**Problem to solve**
Only the lines from the one bearing "Stilig telysholder i" through the end of the entries should be output, exactly as they stand, and pictures should be skipped.

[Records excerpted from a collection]
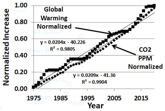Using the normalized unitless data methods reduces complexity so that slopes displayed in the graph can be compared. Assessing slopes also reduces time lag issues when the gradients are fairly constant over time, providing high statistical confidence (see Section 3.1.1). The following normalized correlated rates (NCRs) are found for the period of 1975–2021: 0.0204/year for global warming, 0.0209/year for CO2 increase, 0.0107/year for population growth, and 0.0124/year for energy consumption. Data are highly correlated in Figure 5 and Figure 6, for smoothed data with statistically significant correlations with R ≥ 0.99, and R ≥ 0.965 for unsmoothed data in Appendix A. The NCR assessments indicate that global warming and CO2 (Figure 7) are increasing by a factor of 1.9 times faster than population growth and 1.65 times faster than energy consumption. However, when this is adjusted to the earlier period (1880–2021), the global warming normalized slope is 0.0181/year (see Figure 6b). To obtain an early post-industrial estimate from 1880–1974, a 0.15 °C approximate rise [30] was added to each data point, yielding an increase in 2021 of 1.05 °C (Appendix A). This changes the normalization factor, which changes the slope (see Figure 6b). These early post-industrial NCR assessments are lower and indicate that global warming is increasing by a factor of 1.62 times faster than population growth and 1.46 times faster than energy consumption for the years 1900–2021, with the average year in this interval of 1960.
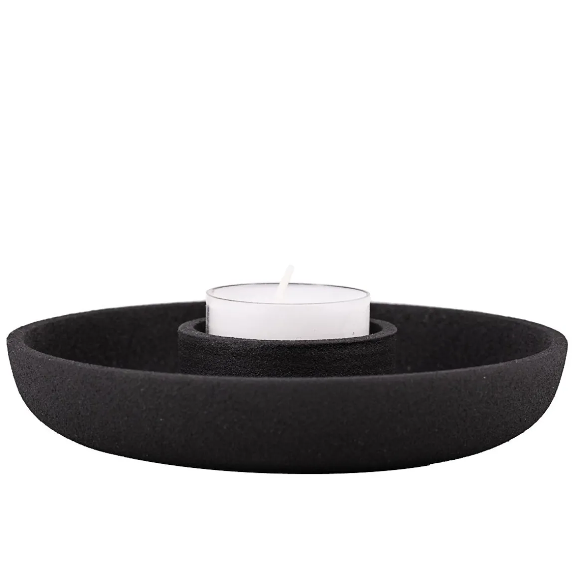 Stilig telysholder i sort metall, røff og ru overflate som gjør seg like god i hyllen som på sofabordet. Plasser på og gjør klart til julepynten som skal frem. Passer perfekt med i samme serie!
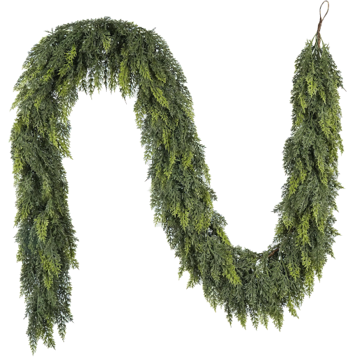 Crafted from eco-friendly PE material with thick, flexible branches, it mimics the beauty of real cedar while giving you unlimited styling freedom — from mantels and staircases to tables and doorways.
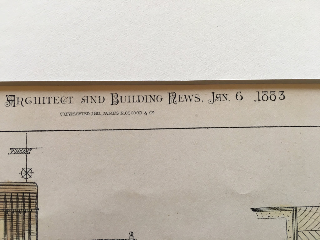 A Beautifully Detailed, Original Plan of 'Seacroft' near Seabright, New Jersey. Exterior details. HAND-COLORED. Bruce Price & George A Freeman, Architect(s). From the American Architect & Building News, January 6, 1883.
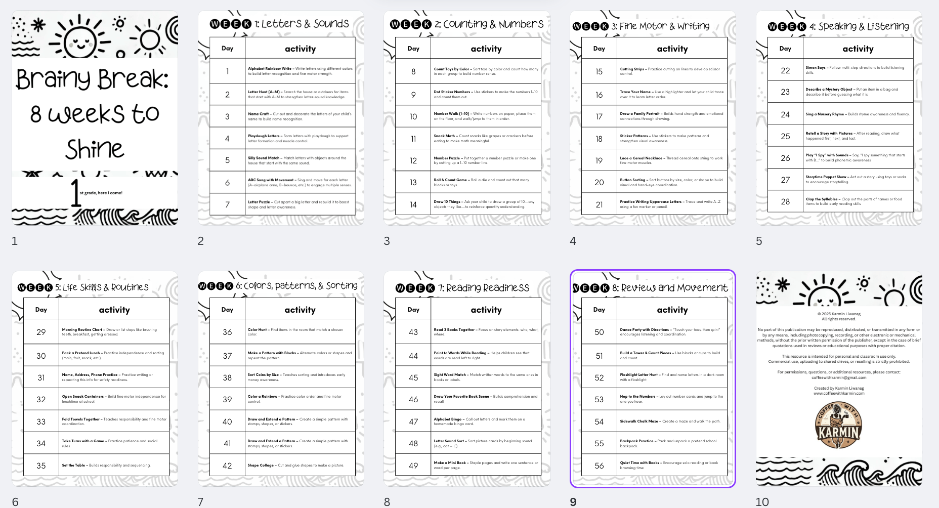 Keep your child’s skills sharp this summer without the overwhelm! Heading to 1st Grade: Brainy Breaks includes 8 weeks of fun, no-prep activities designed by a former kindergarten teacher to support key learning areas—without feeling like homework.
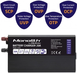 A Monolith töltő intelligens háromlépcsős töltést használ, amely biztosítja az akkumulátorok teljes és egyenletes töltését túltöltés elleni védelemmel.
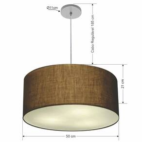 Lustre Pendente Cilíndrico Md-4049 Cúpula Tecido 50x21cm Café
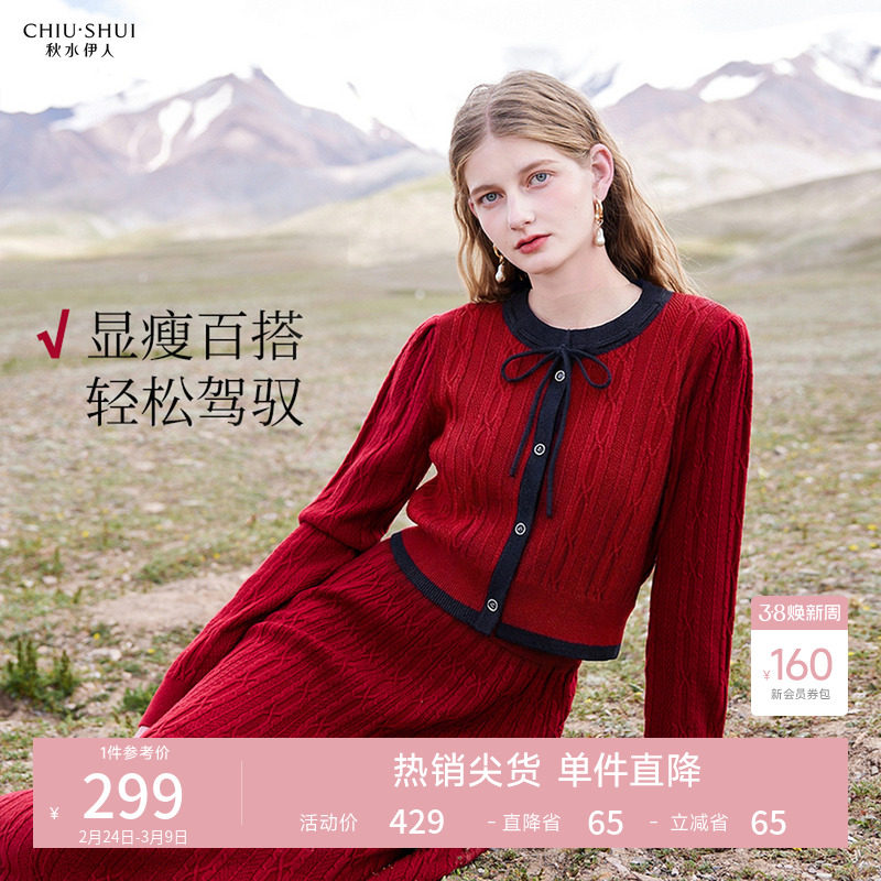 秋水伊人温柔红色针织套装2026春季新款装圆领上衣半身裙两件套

**Task answer**
 Stilig telysholder i sort metall, røff og ru overflate som gjør seg like god i hyllen som på sofabordet. Plasser på og gjør klart til julepynten som skal frem. Passer perfekt med i samme serie!
 Crafted from eco-friendly PE material with thick, flexible branches, it mimics the beauty of real cedar while giving you unlimited styling freedom — from mantels and staircases to tables and doorways.
 A Beautifully Detailed, Original Plan of 'Seacroft' near Seabright, New Jersey. Exterior details. HAND-COLORED. Bruce Price & George A Freeman, Architect(s). From the American Architect & Building News, January 6, 1883.
 Keep your child’s skills sharp this summer without the overwhelm! Heading to 1st Grade: Brainy Breaks includes 8 weeks of fun, no-prep activities designed by a former kindergarten teacher to support key learning areas—without feeling like homework.
 A Monolith töltő intelligens háromlépcsős töltést használ, amely biztosítja az akkumulátorok teljes és egyenletes töltését túltöltés elleni védelemmel.
 Lustre Pendente Cilíndrico Md-4049 Cúpula Tecido 50x21cm Café
 秋水伊人温柔红色针织套装2026春季新款装圆领上衣半身裙两件套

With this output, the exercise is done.